A specific dietary adaptation distinguishing dingoes from most dogs is a lower number of copies of AMY2B, an important gene for starch digestion. Wolves, jackals, coyotes, dingoes, and a few ancient types of dogs native to areas where agriculture was uncommon until recently, also carry only 2 copies of AMY2B (Axelsson et al., 2014; Thalmann et al., 2013). Two copies is generally taken to be the primitive or ancestral condition for wild‐living, free‐breeding canids (Arendt et al., 2014; Arendt, Cairns, Ballard, Savoleinen, & Axelsson, 2016; Axelsson et al., 2014; Cairns et al., 2017; Ollivier et al., 2018; Perry et al., 2007).

In domestic dogs, including village dogs, the number of copies of AMY2B ranges from 2 to 34. High copy numbers appear to be an adaptation for efficient digestion of human‐derived starchy foods. This difference implies that dogs were domesticated after the onset of agriculture and that dingo ancestors diverged from other canids before that time.
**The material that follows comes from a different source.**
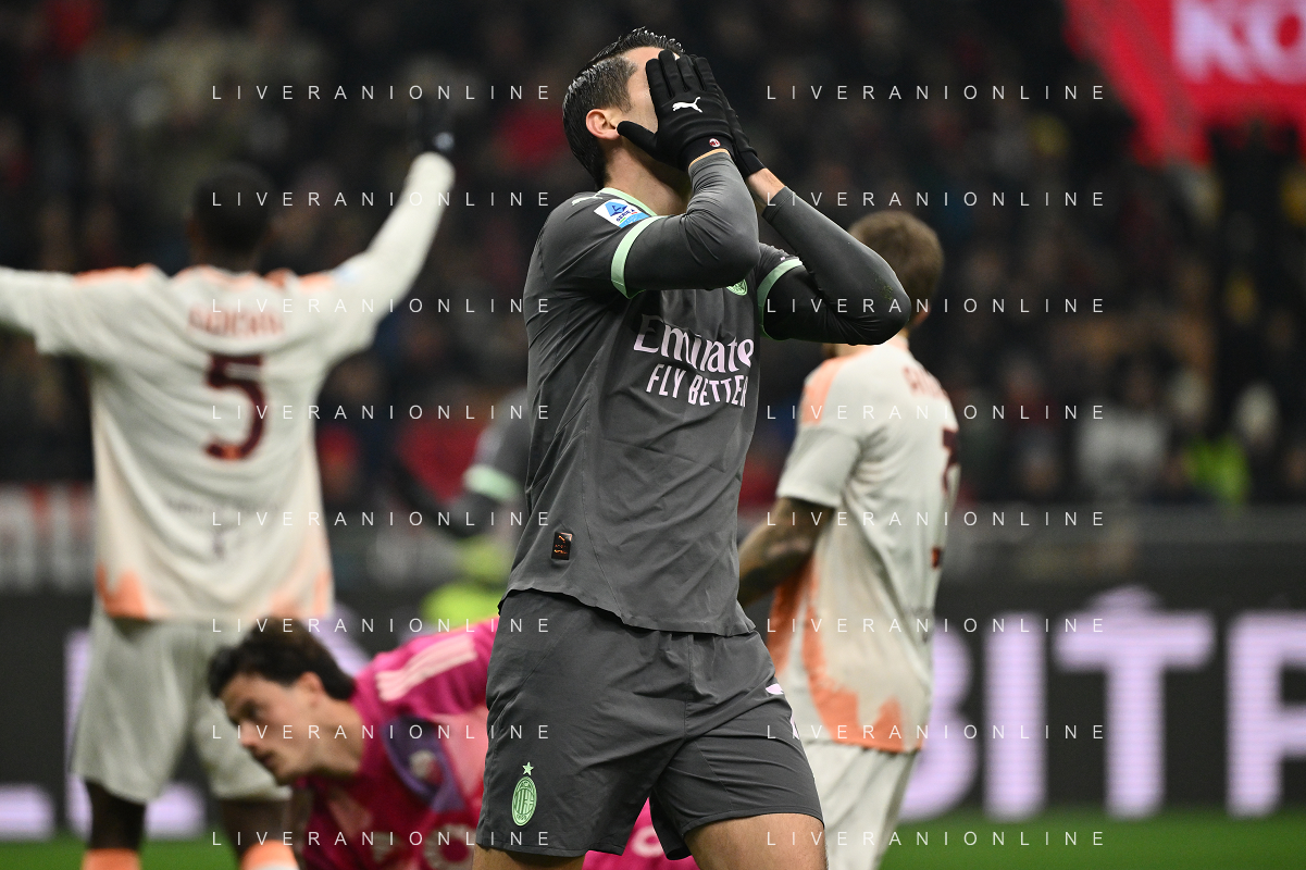 Milan vs Roma nella foto Matteo Gabbia (Milan) occasione da gol Milano 29-12-2024 Stadio Giuseppe Meazza - San Siro Campionato Serie A Enilive - 18a giornata foto Roberto Garavaglia/Agenzia Aldo Liverani sas- AGENZIA ALDO LIVERANI SAS

Ollivier et al. (2016) estimated the number of AMY2B genes in a sample of 13 prehistoric dogs in southwestern Europe ranging in age from 15,000 to 4,000 cal. years BP and found the onset of extra copies of this gene began by 7,000 cal. years BP at the latest. Thus the duplication of the genes roughly coincided with the onset of agriculture, which would increase the amount of starch‐rich food available to dogs. Not all dogs from this date onward showed extra copies of the genes and none of the modern wolves, dingoes, or Siberian huskies in their sample had extra copies.
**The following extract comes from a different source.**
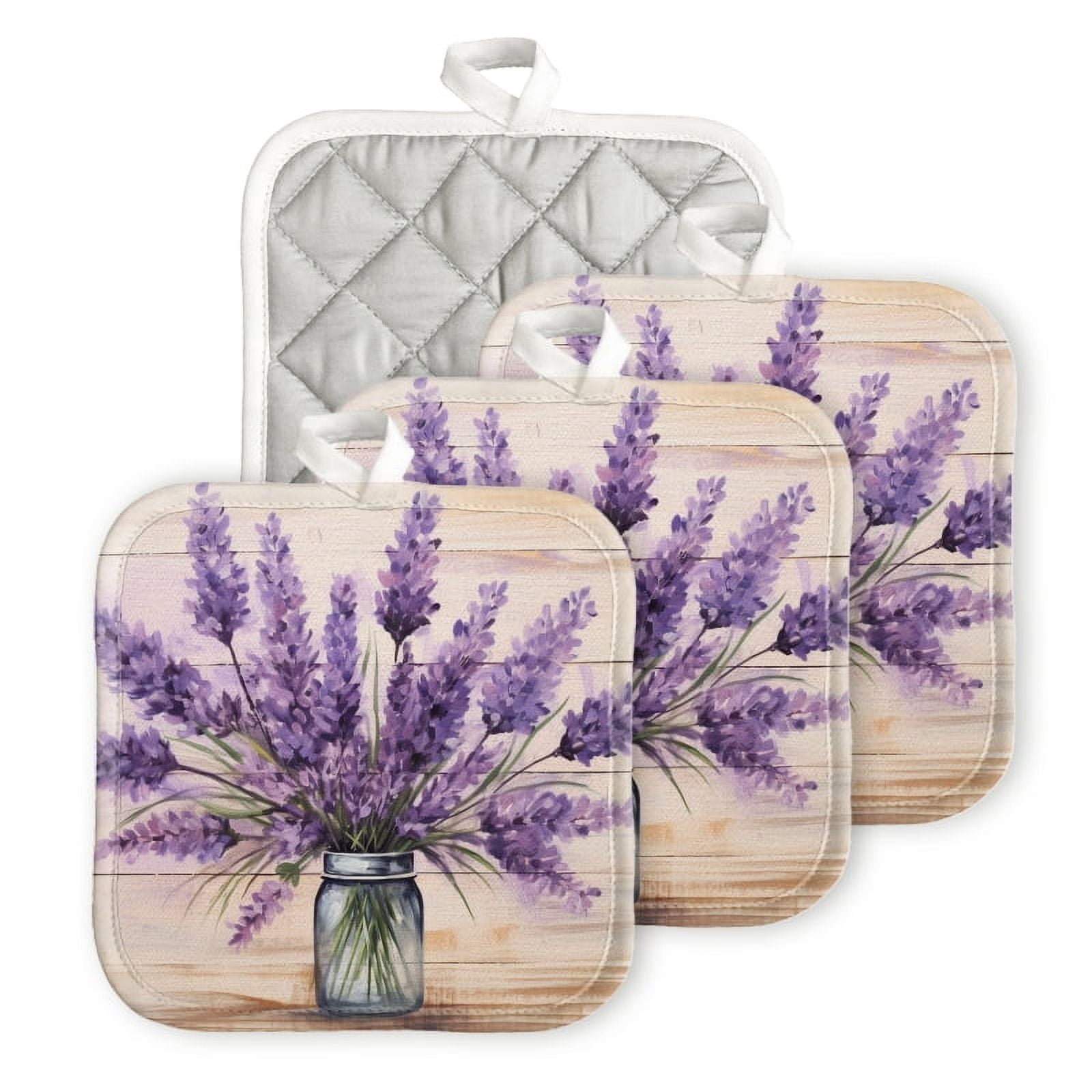 Tag : Bahomeck Heat Resistant Hot Pads 4 Pack Lavender Flowers In Mason Jar Square Pot Holder For

The candidate genes identified by Zhang et al. as subject to positive selection during feralization included five that are associated with digestion and metabolism. Zhang et al. suggest that dingoes obtained their own food during feralization rather than eating a high proportion of vegetable food and starches if their food were scavenged from or provisioned by humans. Alternatively, if dingo ancestors were not fully domesticated upon arrival in Australia, they may never have acquired the doglike condition facilitating starch digestion.
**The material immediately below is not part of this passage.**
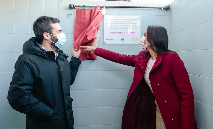 La delegada de Diversidad LGTBI del Ayuntamiento de Mérida, Pilar Amor, y el delegado de Deportes, Felipe González, han inaugurado este jueves una placa en la piscina climatizada de La Argentina que proclama esta instalación como "Espacio libre de LGTBIfobia".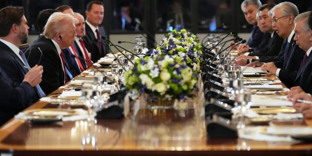 Le président américain, Donald Trump, lors d’un dîner avec des dirigeants de pays d’Asie centrale, dont le président du Kazakhstan, Kassym-Jomart Tokaïev (en face de Donald Trump), le 6 novembre 2025, à la Maison Blanche, à Washington.

DISTINCTIVE ATTRIBUTES OF DINGOES

Although a European upon first seeing a dingo may intuitively identify it as a dog, there are a few marked differences among wolves, dogs, and dingoes. In terms of ancient remains, wolves are rarely deliberately buried, but dogs are commonly buried in various cultures and periods worldwide. According to Morey (2006:158‐9), the burial of canids is one of the strongest archaeological criteria that signifies their domestication:Eurasian dogs occur in graves with or without humans, with grave goods, and in large canine cemeteries starting about 14,000 years ago (e.g., Clutton‐Brock, 1995; Davis & Valla, 1978; Losey et al., 2011, 2013, 2018; Morey, 2006; Perri, 2017; Stager, 1991). Prehistoric dog burials or cemeteries are widespread, being found in Israel, Siberia, Russia, North America, Germany, Egypt, Japan, Peru, Spain, Jordan, China, Sudan, Ukraine, and Tunisia. Thus, Morey (2006), Clutton‐Brock (1995), Wynne (2020), and others maintain that their relationship with humans is actually a distinctive or even defining attribute of dogs.

People have been burying or otherwise ritually disposing of dead dogs for a long time. They sometimes treat other animals in such a fashion, but not nearly as often as dogs. This presentation documents the consistent and worldwide distribution of this practice over about the past 12,000–14,000 years. Such practices directly reflect the domestic relationship between people and dogs, and speak rather directly to the timing of canid domestication… Nothing signifies the social importance that people have attached to dogs more conspicuously than their deliberate interment upon death.

Dogs were clearly domesticated in many parts of the world well before canids arrived in Greater Australia. However, dingo burials are also documented from Australia; in fact, the earliest known dingo specimen is from a burial in Madura Cave, although it is not an elaborate one. Burial per se of the oldest known dingo in Greater Australia could be taken as strong evidence that dingoes were domesticated before reaching Greater Australia.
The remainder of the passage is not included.